I was doing my walk tonight in the mall and listening to my Zune. "Glory Days" by Bruce Springstein came on. I got to listening to the words. I haven't heard that song in forever! As I am listening to the words I am thinking, "Man, is that the truth!". I mean when I get together with my friends, especially from high school, we sure get to talking about the "glory days". We talk about the plays, the dusty plaques, the tarnished trophies, and all the fun we had , especially playing sports. The funny thing is that all those things that made me part of what I am today don't mean anything on most days of my life currently. Nobody cares if I was all conference. Nobody cares if I had a big hit to win the game. I must be getting old because it doesn't really matter to me if people do know that. What matters now is what you are now. I still would like to tell stories of my friends and I in sports but I know that that would bore most people to tears. The only person that I really struggle with not telling these stories of my past to is my son. I want him to know some of the highlights of my life but I don't want to bore him with ancient stories of my past. Is that wrong? I guess my dad told my brother and I plenty of stories so maybe that's why I hold back some. If you remember your days in high school I am sure that those days bring back some of the best memories of your life.
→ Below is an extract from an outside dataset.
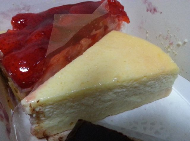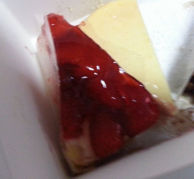最后一快是草莓芝士蛋糕,上面一层鲜草莓做成的草莓酱,覆盖着草莓糖浆的爆浆,草莓经过处理,柔软细腻,去除了微酸的口感,留下的都是甘甜。搭配下层的芝士蛋糕,混搭的口感在味蕾上跃动。适合喜欢吃草莓的人。

It is that way for me but presently I keep them to myself most of the time. It kind of scares me because I know if I don't talk about them, and relive them in my mind, that I will start to lose those special memories. I have never been one for "I did this" or "I did that" but I do want my kids and their kids to know something about their father's and grandfather's past. So is it right to talk about the "glory days" and bore your family and friends to death or should you just concentrate on making the most out of the present? I would like to think you could do a little of both! I am thoroughly enjoying life right now but I would also like people to know what put a sparkle in my eye in the past. I guess for now I will stay with the present but the next time I see one of my high school buddies I don't think I will be able to make that same promise. I guess I can sum my feelings up by saying always keep looking forward but never forget the past.

2 comments:

Anonymous said...

It's great to share the past, but don't start out like a grandpa like "well, back in my day...".[no offense to grandfathers. ;)] If your son is into sports, then you could encourage him into trying more sports by telling him how well you did. You don't want to bore him, so tell him things that would interest him. He won't think you're boring if he finds it cool that you got trophies and made game-winning plays.

*Lacey Hagerbaumer*

Anonymous said...

Mr. C, I really believe laceys' thought. If your son is into that stuff he won't think you're boring. I personly was always interested in my father's stories and his fathers stories. Most of their stories are about how things used to be when there was no technology and things like that.